And THAT was the moral of my story. 


Sent from my iPhone using PG Free


----------



## Daisy&Lucky's Mom (Apr 24, 2011)

Anthony I admire and fear your guts in bringing up subjects. I have to say that as Ive read your posts I remember things we went through w/ the dogs we have had. Note none of mine are from stellar lines and yes they are BYB dogs however I wrestled with Daisy and did things like puppy play. I went to training and got my butt chewed by every trainer I met. I chose to limit Daisy's enviroment and work on things like being calm at the vets(sucess) and being calm in car when strangers were near(fail). I will when I get a new pup/dog reread your posts b/c I learn alot. We never wrestled w/ Daisy after she was 2 and i have many regrets that we chose avoidance but it was safe . I had a trainer who told me Daisy would turn on me. That was bull.She and Daisy disliked each other in a profound sort of way. Daisy bonded to me and my husband as well as her Uncle John but no one else.Who she loved she guarded and tolerated anything you dished out. I fell on her she stayed while I got myself up.I never had any fear re family but others outside always. My long story has two points I sincerely believe you dont think of the reaction to the post and two you really try to put into practice and try what is advised.. I always think about the reaction I might get. I will admit when I read your post I was like OH NO Anthony this is going to at least heated. In closing I think that Kira knows the difference between her family and others. I went by the dont rule w/ Daisy and Lucky who has some fear issues. Dont know what the right answers are just that I think you know Kira and your gut knows when things are OK or Not.Sometimes it's just figuring out what your gut feeling translates into as the action to take.This is what you bring w/ each thread. 
Maggi


----------



## ponyfarm (Apr 11, 2010)

I dont see why you would purposely upset your dog, or worse, make her feel like she has to jump in and nip someone to get the fighting to stop.


----------



## codmaster (Aug 5, 2009)

Exactly - dogs with a reasonable temperament can easily distinguish their family and act accordingly! Anyone with an actual fear that their dog will seriouslty bite a family member has my profound sympathy - I cannot imagine living in fear of my own family pet.

Short of actual real pain infliction, I and other family members can do anything to our dog without fear of him being seriously reactive to me or family members. Including rough as heck play with and around him!

(BTW, strangers he might percieve as a threat are an entirely different story. Would and has acted very differently toward)


----------



## Wolfgeist (Dec 4, 2010)

I can't believe another one of your threads turned into this. I completely agree with Mrs.

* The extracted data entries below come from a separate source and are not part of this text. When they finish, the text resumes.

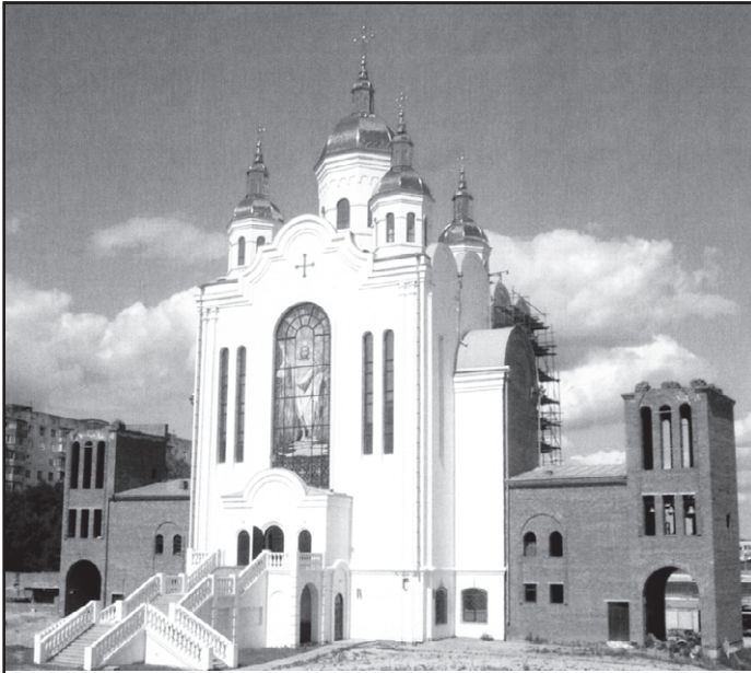
Церква Всіх Святих Чернігівських

па, відомого церковного діяча XVII ст. На вибраному ним шляху церковної діяльності святитель Феодосій у багатьох значних подіях того часу брав активну і жваву участь на рівні з такими своїми сучасниками, як св. Димитрій Ростовський, св. Митрофан Воронежський, Іов Новгородський, Лазар Баранович та Стефан Яворський.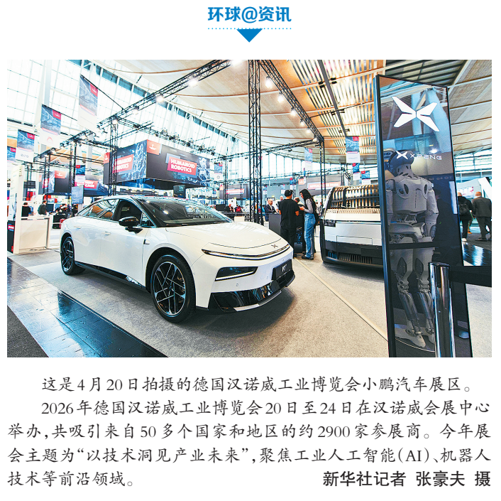
这是4月20日拍摄的德国汉诺威工业博览会小鹏汽车展区。2026年德国汉诺威工业博览会20日至24日在汉诺威会展中心举办,共吸引来自50多个国家和地区的约2900家参展商。今年展会主题为“以技术洞见产业未来”,聚焦工业人工智能(AI)、机器人技术等前沿领域。

新华社北京4月20日电(记者王聿昊)记者20日从中国民航局获悉,今年3月份,民航旅客运输量6663.2万人次,同比增长12.1%。中国民航局当日公布民航3月份主要生产指标统计数据。数据显示,3月份,民航国内航线旅客运输量5951.1万人次,同比增长11.5%;国际航线旅客运输量712.1万人次,同比增长17%。 货邮运输方面,3月份,民航货邮运输量85.1万吨,同比增长4.2%。其中,国内航线货邮运输量45.8万吨,同比增长1.3%;国际航线货邮运输量39.3万吨,同比增长7.8%。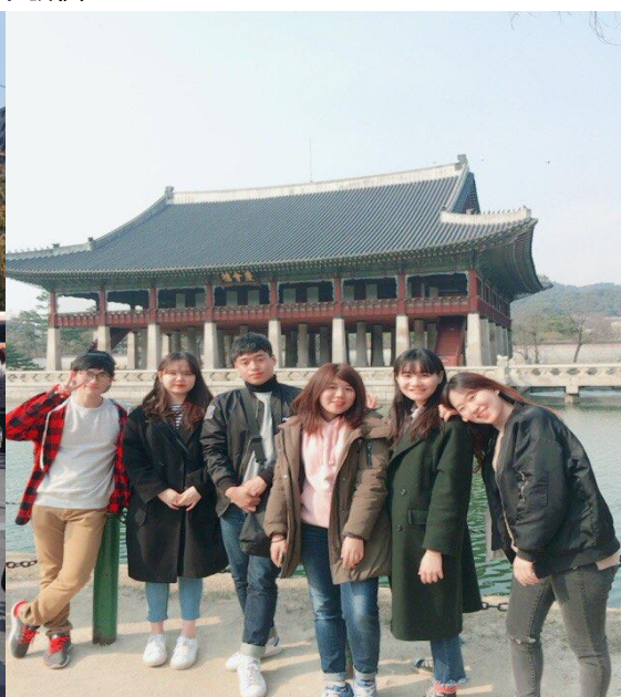
↑學伴組織文化體驗地點:景福宮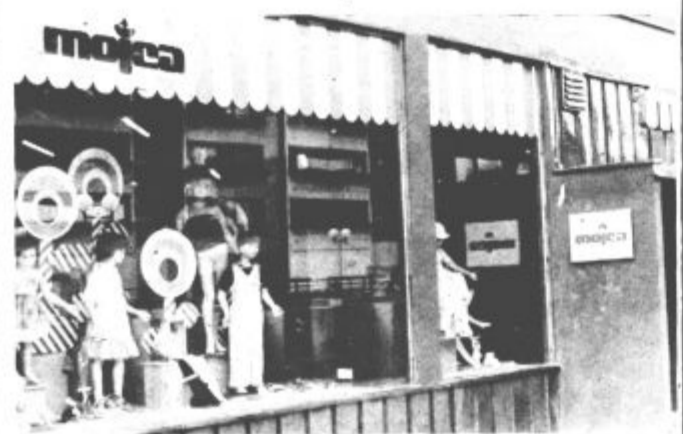
Tudi zunanji videz kaže na urejenost trgovine.

Na Trgu Edvarda Kardelja v Titovem Velenju so pred dvema mesecema odprli novo prodajalno otroške konfekcije za predšolske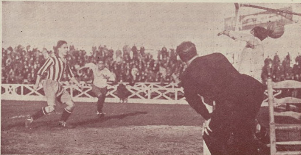
Europa-Athletic.—El primer gol del Europa.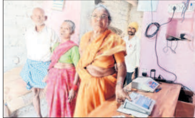
రేషన్ షాపులో ఈకేవైసీ చేసుకుంటున్న లబ్ధిదారులు

జిల్లాలో ఇప్పటి వరకు 66.89శాతం వరకు పూర్తి చేశారు. జిల్లాలో మొత్తం 4లక్షల85వేల910 మంది లబ్ధిదారులు ఉండగా ఇప్పటి వరకు ఈ-కేవైసీ 3లక్షల25వేల7మంది నమోదు చేశారు. మిగిలిన వారు తప్పని సరిగా జనవరి 31 లోపు ఈకేవైసీ నమోదు చేసుకోవాల్సి ఉంది.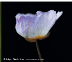
Soleigro. Sterkt trua.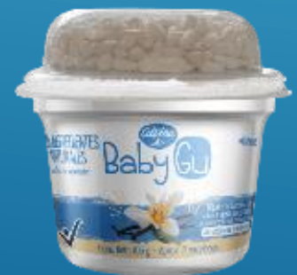
Vainilla y Cereal 105 g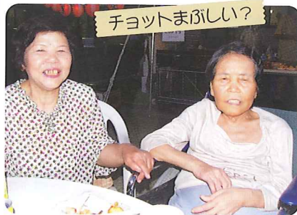
チョットまばしい?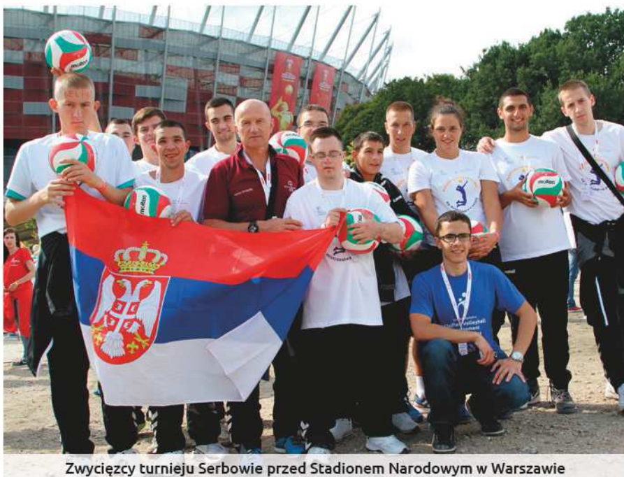
Zwycięzcy turnieju Serbowie przed Stadionem Narodowym w Warszawie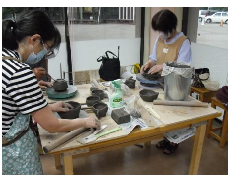
<様々な作品に挑戦します>

菊ねりは、土の中の空気を押し出し土を均一にします。空気が残ると、乾燥した時に割れる原因になります。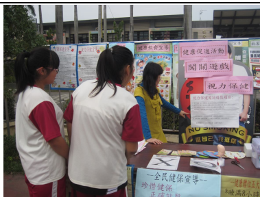
運動會擴大視力保健宣導 ，進行視力保健有獎徵答活動

K... word for word. It's a real shame.



Mrs.K said:


> Anthony, by now you should understand the motion towards your dog in the forum.
> 
> No matter what she does, to the forum she is a fear aggressive dog and you did well to portray her like that.
> 
> So this is the outcome. You will not be able to post anything about your dog without the audience picking it apart.


----------



## shepherdmom (Dec 24, 2011)

ponyfarm said:


> I dont see why you would purposely upset your dog, or worse, make her feel like she has to jump in and nip someone to get the fighting to stop.


How is group play on the floor and including the dog purposely upsetting her? I think it would be far more upsetting for her to have to watch from a crate and not join in the fun.


----------



## Blanketback (Apr 27, 2012)

Anthony8858 said:


> They were playfully slapping me...I started to act as if I was in distress... Kira comes running from the other side of the house...


Without going off topic by discussing how smart the breed it, or by generalizing rough and tumble play, or in any other way changing the subject, I'm curious to see how many people play with their dogs in this particular manner?

1) Have the dog in another room, unaware of the situation
2) Have family members come up and start slapping you
3) You act like your in distress
4) Your dog charges in to view this situation
5) Your dog pulls everyone off you by the teeth

Nothing against you Anthony, but if people are going to support this kind of "play", I'd like to see how many of them actually practice it. And I'm not bashing anyone who does. I'm certain there are things I do with my dogs that people don't agree with. I just can't believe that this is a common manner of "play" and combined with my childhood experiences, I think I should be set straight, if this is the case.


----------



## Mrs.K (Jul 14, 2009)

Blanketback said:


> Without going off topic by discussing how smart the breed it, or by generalizing rough and tumble play, or in any other way changing the subject, I'm curious to see how many people play with their dogs in this particular manner?
> 
> 1) Have the dog in another room, unaware of the situation
> 2) Have family members come up and start slapping you
> ...


You don't even want to know what we've done with the dogs throughout all those years. What Anthony described is harmless, at best.


----------



## TrickyShepherd (Aug 15, 2011)

I can't believe I'm seeing complaining on a shepherd forum about "whining and moaning"... Stressed? Unfair? Mean?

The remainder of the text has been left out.